How many times have you heard about a company going bankrupt that somehow manages to survive?
Companies go bankrupt and sometimes it happens quite abruptly, like it did for Lehman Brothers. But, financial hardship need not always lead to a business’ demise.
Bankruptcy vs. Bankruptcy Protection
That’s because filing bankruptcy and filing for bankruptcy protection are two different things. While both stem from an inability to make timely debt repayments, one means the company will go out of business, but the other allows it to continue operations by protecting it from creditors while management drafts a plan for the future.
The idea behind bankruptcy protection is to find some way for the business to survive. This could mean coming out the other end of the process a very different company, but one that presumably has a better chance of survival.
In the U.S., corporate bankruptcies are primarily regulated by the Chapter 11 Bankruptcy Code, while bankruptcies in Canada are covered by the Companies’ Creditors Arrangement Act (CCAA).
The CCAA is a federal act that gives financially troubled corporations the opportunity to restructure. It’s restricted to large corporations that owe their creditors more than $5 million. Corporations that owe less work with the Division I Proposal, which falls under the Bankruptcy and Insolvency Act.
Bankruptcy laws in the United States are governed by the Code of Laws of the United States of America.

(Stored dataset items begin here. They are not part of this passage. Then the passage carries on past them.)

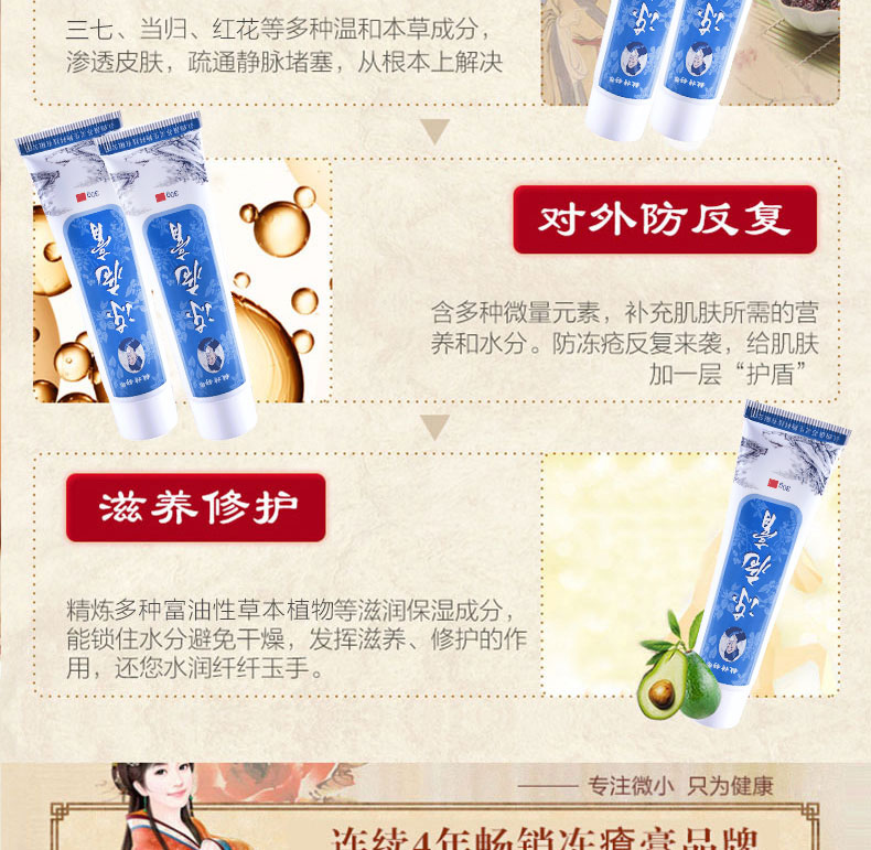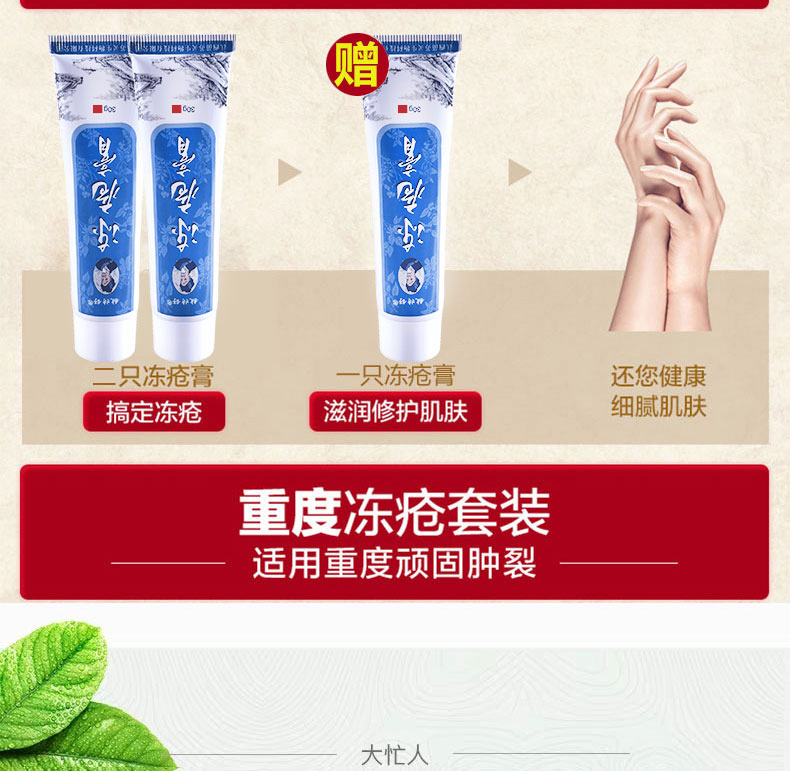 超值优惠冻疮膏,买2送1,买3送2,秋冬居家必备,适用轻度微红发痒,滋润修护肌肤,适用重度顽固肿裂,搞定冻疮,内含本草精粹,温和滋养,效果很好!快来抢购吧!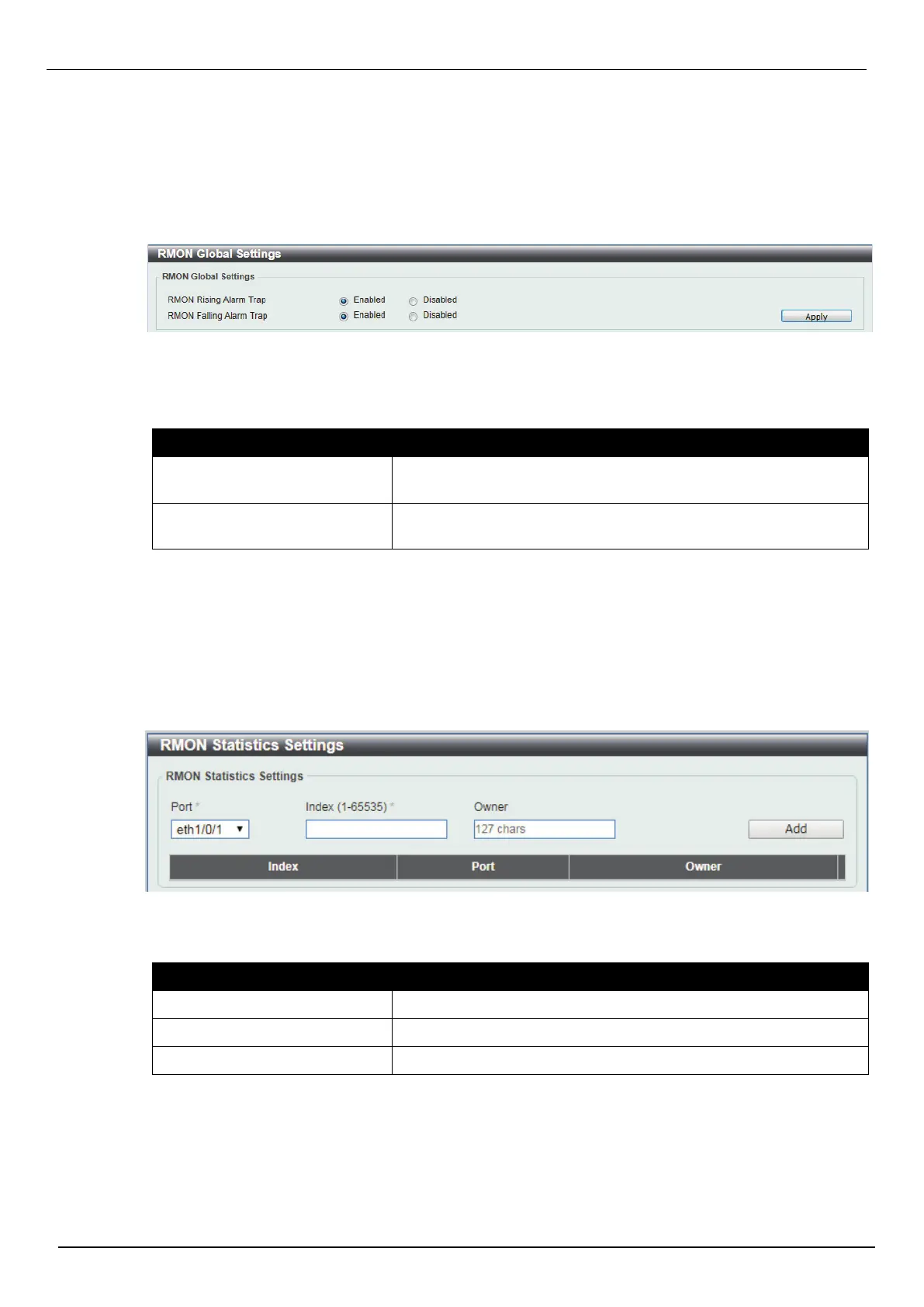 To view the following window, click Management > RMON > RMON Statistics Settings, as shown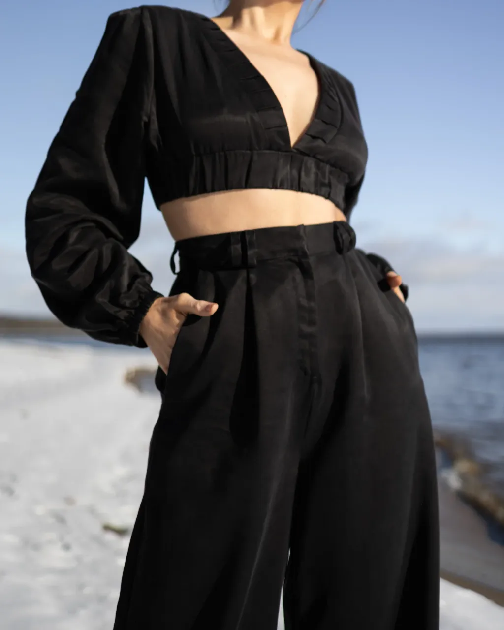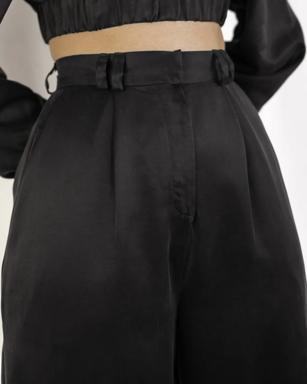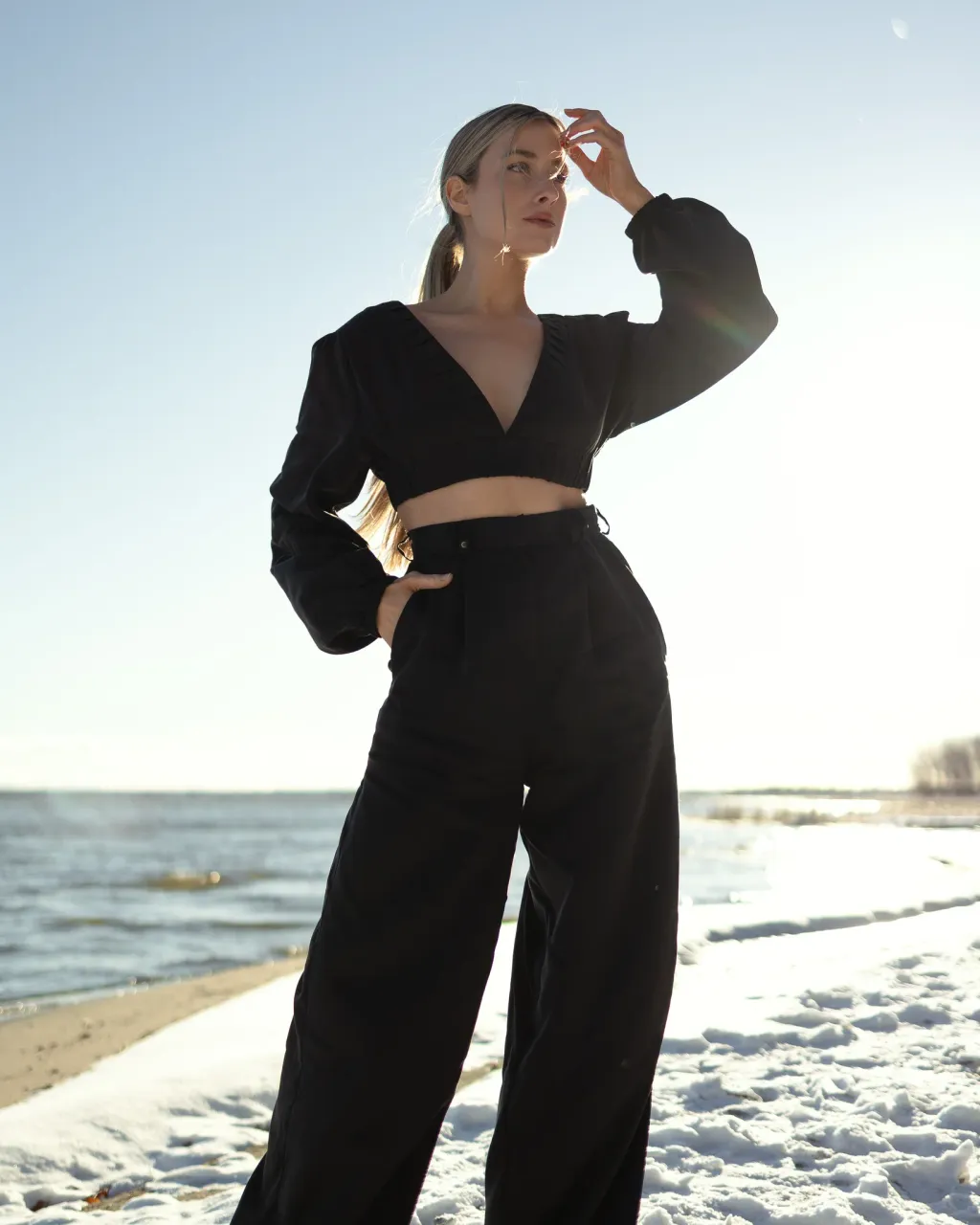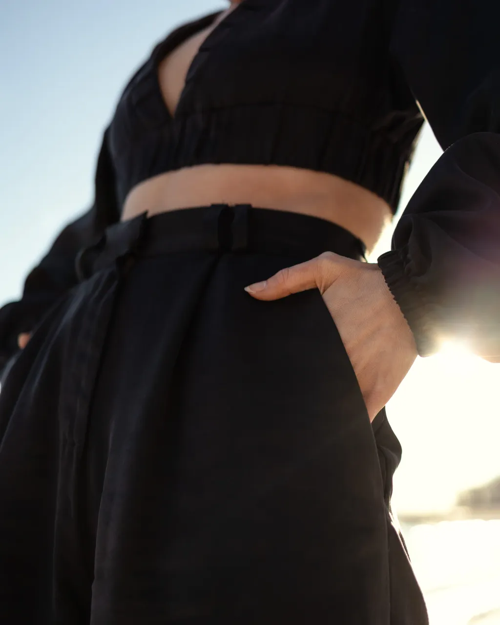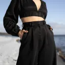 A reinvented classic, the Casia trousers offer an elegant fit that does not go unnoticed. The high, cinched waist, wide legs, and darts at the front and back all ally to create a flattering fit, which gives an endless legs illusion. We selected the highly durable fabric that is linen to create Casia. This one is a real favorite for us, both for its color, its texture, and its composition.

The Code has many sections, called Titles, and within the various Titles are Chapters. When a U.S.-based business is unable to pay down debt or creditors, it can file an application with a bankruptcy court for protection under either Chapter 7 or Chapter 11.

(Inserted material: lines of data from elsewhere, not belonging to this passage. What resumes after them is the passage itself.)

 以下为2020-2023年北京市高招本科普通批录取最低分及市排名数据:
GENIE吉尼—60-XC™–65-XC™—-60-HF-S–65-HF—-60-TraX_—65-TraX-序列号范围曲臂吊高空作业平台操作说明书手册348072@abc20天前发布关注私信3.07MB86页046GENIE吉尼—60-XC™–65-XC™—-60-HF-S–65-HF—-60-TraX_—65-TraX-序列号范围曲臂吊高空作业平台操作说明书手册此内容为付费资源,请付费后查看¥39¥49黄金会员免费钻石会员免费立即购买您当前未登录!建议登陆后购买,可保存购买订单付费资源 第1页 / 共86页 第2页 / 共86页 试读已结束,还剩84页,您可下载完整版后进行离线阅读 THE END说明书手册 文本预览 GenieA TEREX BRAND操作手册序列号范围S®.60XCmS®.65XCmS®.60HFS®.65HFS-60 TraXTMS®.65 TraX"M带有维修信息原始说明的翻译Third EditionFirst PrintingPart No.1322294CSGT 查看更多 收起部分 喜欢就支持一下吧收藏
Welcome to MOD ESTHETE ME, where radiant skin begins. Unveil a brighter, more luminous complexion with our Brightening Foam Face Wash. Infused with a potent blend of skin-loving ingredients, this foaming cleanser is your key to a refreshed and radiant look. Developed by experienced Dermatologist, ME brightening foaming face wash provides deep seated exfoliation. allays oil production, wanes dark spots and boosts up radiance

Chapter 11 is the most common and involves a reorganization of a debtor’s business matters and assets. It also gives the company time to restructure its debts. When a business files for Chapter 11, an automatic stay comes into effect, which means creditors are not allowed to collect on outstanding debt. This also gives debtors time to negotiate with their creditors.

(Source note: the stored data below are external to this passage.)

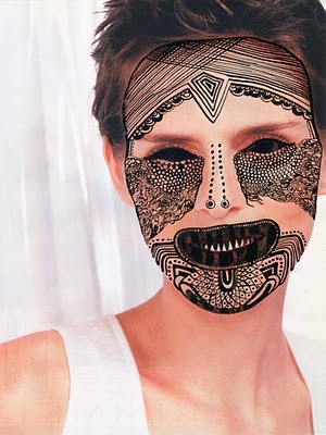 Με μια rotring πένα, ζωγραφίστε στο πρόσωπό σας «μάσκες»με σχέδια που θα εμπνευστήτε μόνοι σας.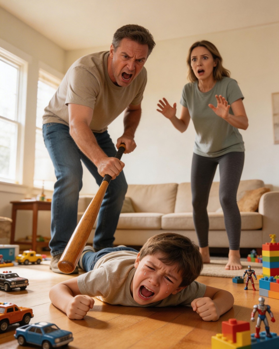 “Sei qui, campione”, disse Derek, ora con voce più dolce. “Va tutto bene, ora sei al sicuro.”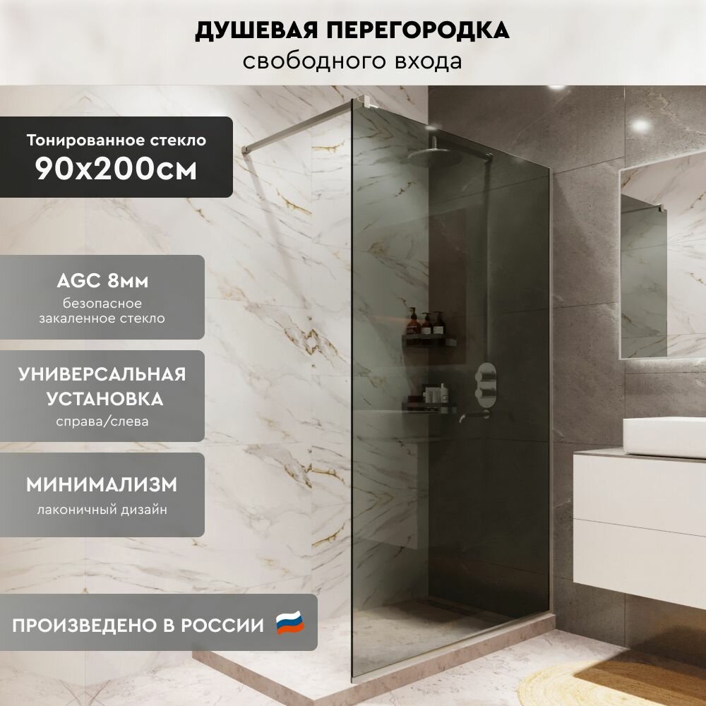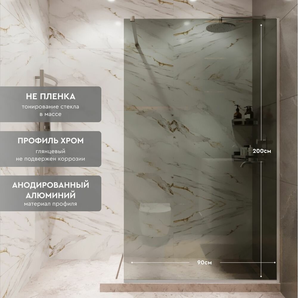 Купить Душевая перегородка Walk In MEBELVANN 900×2000 профиль хром тонированное стекло 8 мм с доставкой по всей России.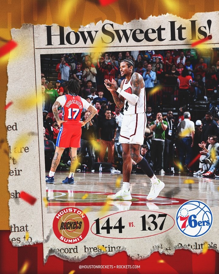 2025-03-18 14:27:00云淡風雪輕!火箭曬贏球海報 助攻生涯新高的杰倫-格林登上封面

Debtors in Chapter 11 have the right to propose a plan of reorganization in an attempt to streamline debts. Creditors get to vote on the reorganization plan; if approved, it gets confirmed by the bankruptcy court. Once the plan is formally approved, the debtor is discharged from debts that accrued before the filing and the business is able to remain in operation.
Similar to Chapter 11, a CCAA filing begins with the debtor submitting an application. The court issues an order giving the company protection for a prescribed and limited amount of time to figure out a way to continue operations. While the CCAA order is in place, creditors cannot attempt to collect on debt.
The CCAA gives companies a chance to speak to shareholders as well as creditors, which matters because shareholders will often get to vote on the proposed plan.
One of the more common criticisms of bankruptcy laws in the U.S. is that Chapter 11 cases take much longer to work through than CCAA cases and they are typically more expensive.
Chapter 11 proceedings are held in court. They’re lengthy and prescriptive, but also offer constitutional protections for property rights. CCAA is shorter and leaves decisions up to a judge’s discretion on a case-by-case basis. Some time in court is required in Canada, but it’s mostly to present plans for approval after negotiations with creditors.
What happens after the proceedings?
There is some thinking around whether or not companies that filed for bankruptcy protection deserve to write off their debts and start over again. Why is it so easy, the argument goes, for certain companies to just re-launch an essentially identical brand and business?
J. Crew and Brooks Brothers both filed for bankruptcy protection while dealing with the impact of COVID-19, for instance, yet those proceedings took very different directions. J. Crew got their bankers to forgive $1.6 billion in debt in exchange for access to more credit. People lost their jobs, landlords didn’t get paid, and yet somehow the same management team gets to rebuild.
Meanwhile, Brooks Brothers liquidated everything and is now owned by a licensing firm, which is working to build a new brand that has staying power as a profitable company.
While the fundamentals are very similar in both Chapter 11 and CCAA, the differences in each of the filing processes demonstrate how different actions can be used to ultimately achieve the same outcome: An opportunity for the company to avoid bankruptcy, and for its creditors to receive some form of payment on what they’re owed.